Артиллеристы и не подозревали, как много значит сейчас их маленькая пушка и почему именно к ним спешит замполит. Теперь из всех многочисленных орудий, стоящих на участке полка, только она в поднявшейся снежной кутерьме могла стрелять по двум вражеским самоходкам, как по видимой цели. Но хозяева пушки еще не знали об этой цели.
Замполит подбежал к расчету.
— Уйзенбаев, разворачивай вправо! — крикнул он командиру орудия, узкоглазому смуглому сержанту. — Самоходки там! На вас — вся надежда!..
— Давай!.. — крикнул сержант своим солдатам, берясь за станину пушки.
Бобылев тоже схватился за колесо. Дружным рывком они перекатили пушку правее сарая.
— Заряжай!.. — скомандовал сержант.
Сквозь снежный вихрь видны были два черных пятна, с каждой секундой вырастающих. «Фердинанды» приближались, они были почти на фланге роты.
Пушка громко хлопнула и вздрогнула. Снаряд пролетел между «фердинандами». Второй разорвался около правой самоходки. Но она продолжала идти.
Третьего выстрела пушка сделать не успела. Оба «фердинанда», как по команде, круто повернули и почти одновременно выстрелили. Бобылев и артиллеристы бросились на землю. Снаряд с противным шипением пролетел низко над их головами. Ухнул взрыв. Комья мерзлой земли забарабанили по щитку пушки, по спинам всех, кто был возле нее.
Еще отдельные, высоко заброшенные взрывом комья земли и снега продолжали падать, а командир расчета уже вскочил на ноги и припал к прицелу. Звонко хлопнул выстрел. Около одной из вражеских машин сверкнул разрыв. Но «фердинанд», взвихрив тучу снежной пыли, прибавил ходу и ринулся прямо на пушку. Второй тоже повернул в сторону сарая и остановился, медленно водя стволом.
«Сейчас ахнет!» — подумал Бобылев и обернулся к пушке. Торопливо лязгая затвором, артиллеристы заряжали ее. Прозвучал выстрел. Из-под гусеницы остановившегося «фердинанда» взлетел черный клуб дыма, тотчас же сдутый ветром.
«Подбили или нет?» — ответить себе на этот вопрос Бобылев не успел. Совсем близко, чуть сзади, один за другим грохнули два разрыва. В ушах зазвенело от удара тугой волны воздуха. Кто-то из артиллеристов, должно быть раненый, протяжно вскрикнул.

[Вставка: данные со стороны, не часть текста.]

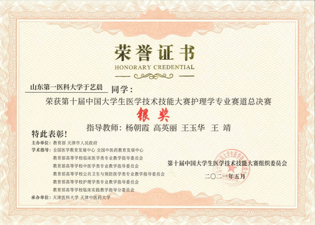 第十届中国大学生医学技术技能大赛全国总决赛(2021)银奖,教育部,2021.05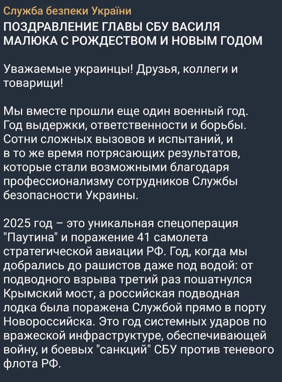 В своём обращении Малюк назвал 2025 год периодом «системных ударов по вражеской инфраструктуре» и особо выделил операции против так называемого теневого флота РФ. По его словам, это стало частью «боевых санкций СБУ» против России.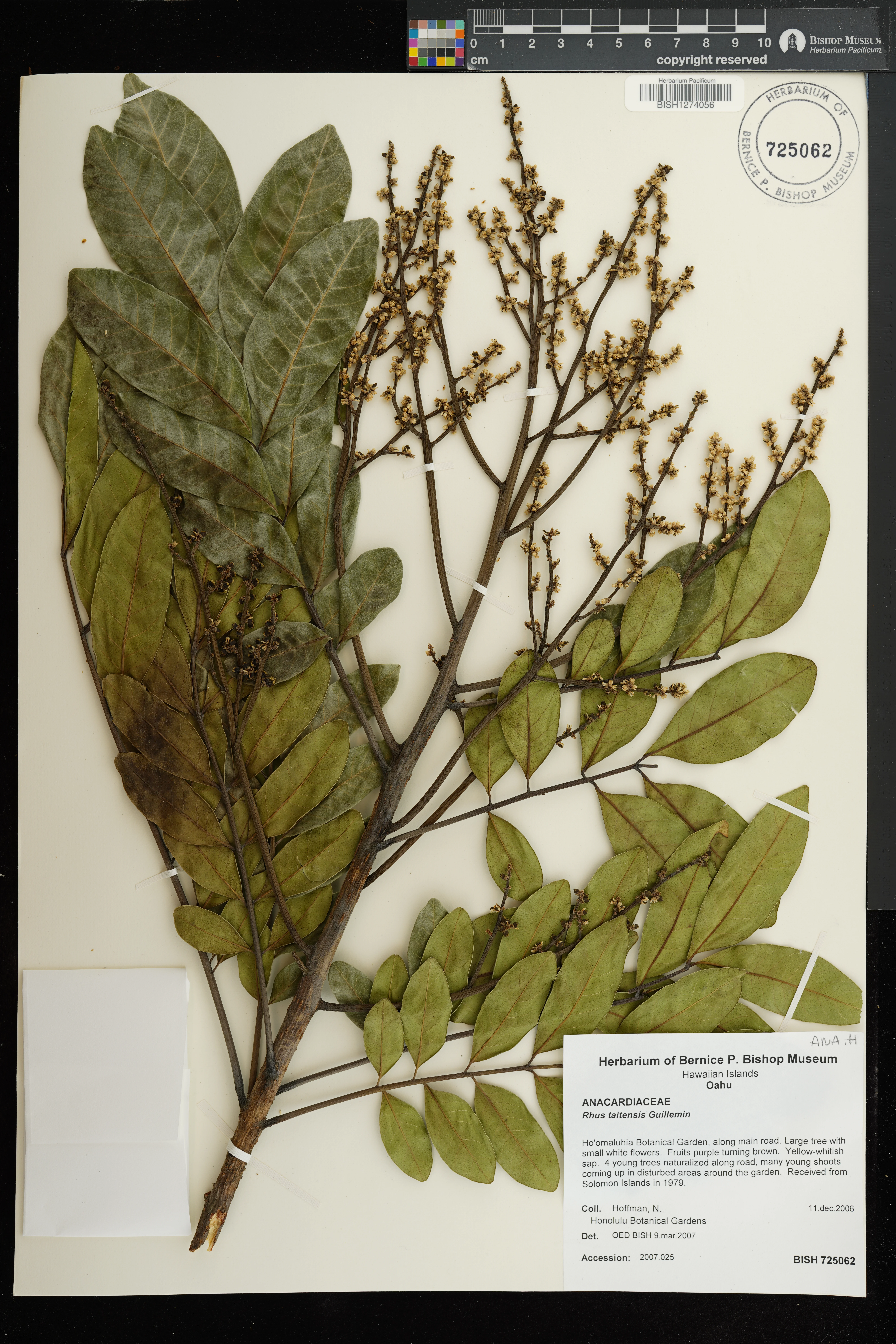 | 12 | Rhus taitensis | Guill. | honolulu, manoa valley, lyon arboretum | PRESERVED_SPECIMEN | d. anderson | s.n. | Oahu | US | 3/9/1960 | |
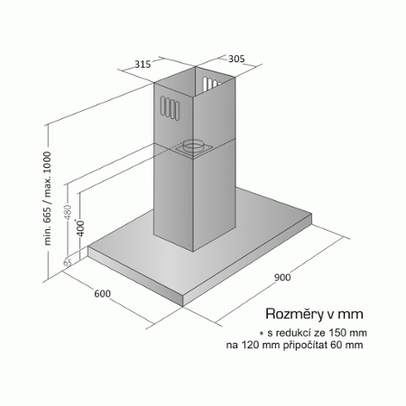 Průměr odtahu: 150, zdarma redukce 150 / 120 mm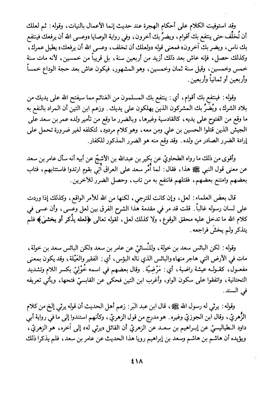 وقد استوفيت الكلام على أحكام الهجرة عند حديث إنما الأعمال بالنيات، وقوله: ثم لعلك أن تُخلَّف حتى ينتفع بك أقوام، ويضرَّ بك أخرون، وفي رواية الوصايا "وعسى الله أن يرفعك فينتفع بك ناس، ويضر بك آخرون" فمعنى قوله "ولعلك أن تخلف، وعسى الله أن يرفعك" يطيل عمرك، وكذلك حصل، فإنه عاش بعد ذلك أزيد من أربعين سنة، بل قريبًا من خمسين, لأنه مات سنة خمس وخمسين، وقيل سنة ثمان وخمسين، وهو المشهور، فيكون عاش بعد حجة الوداع خمسًا وأربعين أو ثمانيًا وأربعين.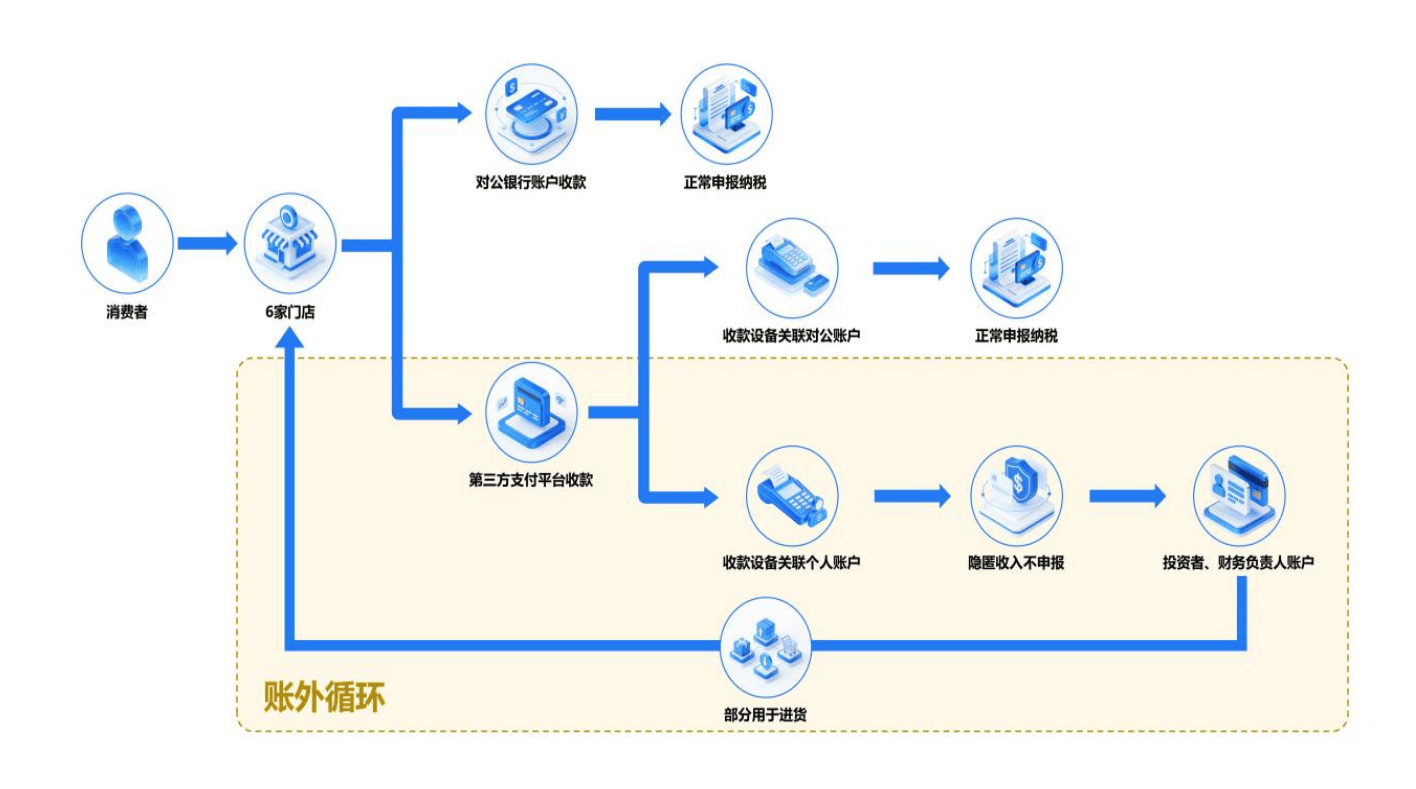 营业款先进入员工个人账户,再转出至投资人、财务负责人个人账户,最终仅部分资金转入对公账户用于进货及门店运营,形成完整的资金隐匿闭环。

Бобылев понимал, насколько неравен этот бой маленькой пушчонки с двумя здоровенными самоходными орудиями. Но как важно было сейчас отвлечь внимание «фердинандов» от нашей пехоты!..
— Не подпускай, хлопцы! — крикнул он артиллеристам, помогая повернуть пушку в сторону переднего из «фердинандов».
— Побереглись бы, товарищ старший лейтенант! — заботливо сказал сержант Уйзенбаев.
— Ну, чего там! — отмахнулся замполит и остался возле пушки.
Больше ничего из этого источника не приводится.